Странное дело, почему-то всё чаще в последнее время всплывает из памяти,
из давней-предавней были, из самого детства, смерть почти незнакомого мне человека. А точнее – его похороны, казалось, мимо меня прошедшие похороны, но, как выясняется теперь, не совсем, и очень даже не совсем, мимо.
Я и мои друзья, такие же дошколята, жившие в одном дворе, в большом (по тем временам) двухэтажном доме, изредка видели его, этого человека, устало возвращавшегося с работы через наш двор в свой частный сектор, окруживший «большой» дом. Немолодой, дюжий человек, он шёл, устало, но твёрдо впечатывая шаги в утоптанную тропу, изогнувшуюся мимо нашего подъезда, сквозь соседские палисадники и сады в свой одноэтажный домик, скрытый в сирени. Он был рабочий с завода имени Кирова, эвакуированного во время войны в наш южный город, да так и оставленного здесь на бессрочные времена. Завод был союзного подчинения – кто же думал, что великая страна будет развалена? Работал завод на оборонку, ориентирован был на крупные, непреходящие дела. Вот и люди оттуда казались крупными, вечными. А, может, и в самом деле были такими?

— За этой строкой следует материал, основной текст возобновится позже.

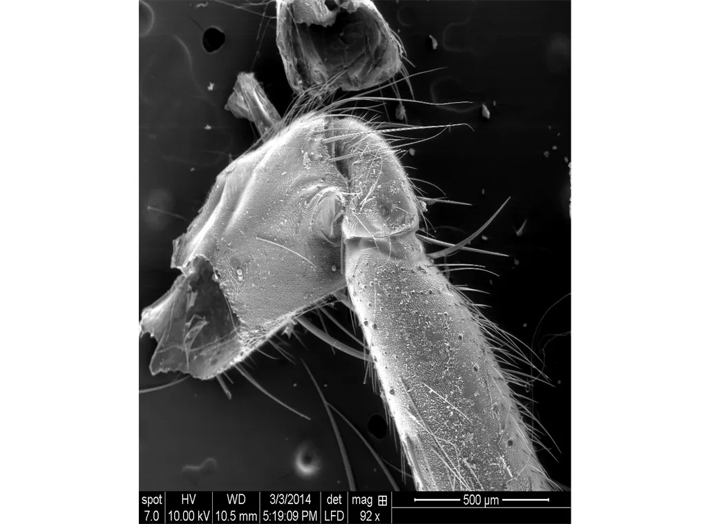 Overview Creator: Caramia, Sierra Subject: Description:Sample of a fly leg; 10.00 kV, spot size 7; low vacuum, secondary electron Date Original:2014, March 3 Language:eng Rights Rights Management:Original materials may be protected by the Copyright Law of the United States (more information). Technical Digitization Specifications:Saved as JPEG (level 12) in Photoshop CS6 Date Digital:Tue, 01/20/2015 - 20:00 Format:image/jpeg Type:Image

Да, рабочие 50-х мне запомнились именно такими, словно бы все на одно лицо – суровые, грузно ступающие по земле мужики в серых суконных робах. Они были малоразговорчивы (или так казалось?), будто навсегда были изваяны или отлиты из какой-то сверхпрочной материи, которой сносу нет, и не будет. Даже по праздникам, выпивая в беседке своей рабочей компанией, они переговаривались глухо и кратко, словно всё на свете им уже давно было известно. Так что и слов лишних тратить не надо. Они были – свой, отдельный от всех других, и словно бы возвышенный над всеми другими, мир. Содружество молчаливых, сильных, суровых людей, своими руками возводивших промышленные гиганты, создававших послевоенные грузовые машины «Медведь» и «Буйвол» с волновавшими детское воображение стальными нашлёпками на кабинах.
Мы, ребятишки, взахлёб спорили какая машина сильнее – та, на которой изображён медведь, или буйвол? Даже, можно сказать, свои партии у нас были: партия «буйволистов» и «медведистов».

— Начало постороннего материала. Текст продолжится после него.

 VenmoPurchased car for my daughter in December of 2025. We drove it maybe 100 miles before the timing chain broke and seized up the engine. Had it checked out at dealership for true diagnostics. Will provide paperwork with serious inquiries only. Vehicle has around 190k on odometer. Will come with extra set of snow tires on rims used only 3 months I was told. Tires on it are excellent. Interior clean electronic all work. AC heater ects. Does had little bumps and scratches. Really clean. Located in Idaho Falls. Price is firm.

А что, были же в то время партии оперных фанаток – «лемешистки» и «козловистки»? Были. Почему нашим не быть? Были…
Сословие служащих, интеллигентов было заметно иным. Люди иной статьи, иной стати. Они не так тяжело ступали по земле, как рабочие. Они были словоохотливее, легче, прозрачней. Но вот что удивительно – именно рабочие нам, ребятишкам, казались… настоящими! Вряд ли здесь играла роль пропаганда, тогдашнее восславление «гегемона», трудового авангарда. Да и что особенного они имели, в отличие от остальных? Уровень жизни? Как у всех других. Только что вот эти серые робы, тяжкий труд, грузная поступь. Нет, здесь, в этом ощущении их отдельности от других, было нечто природное, а не социальное. Может быть, подспудно чуялось, что вот именно за этими сутулыми плечами – правда. Подлинность. Именно трудом заработанный кусок хлеба. Но ведь работали все – и отцы наши, и матери! Безработных не было. Были лентяи, спившиеся, но класса, сословия безработных не было!..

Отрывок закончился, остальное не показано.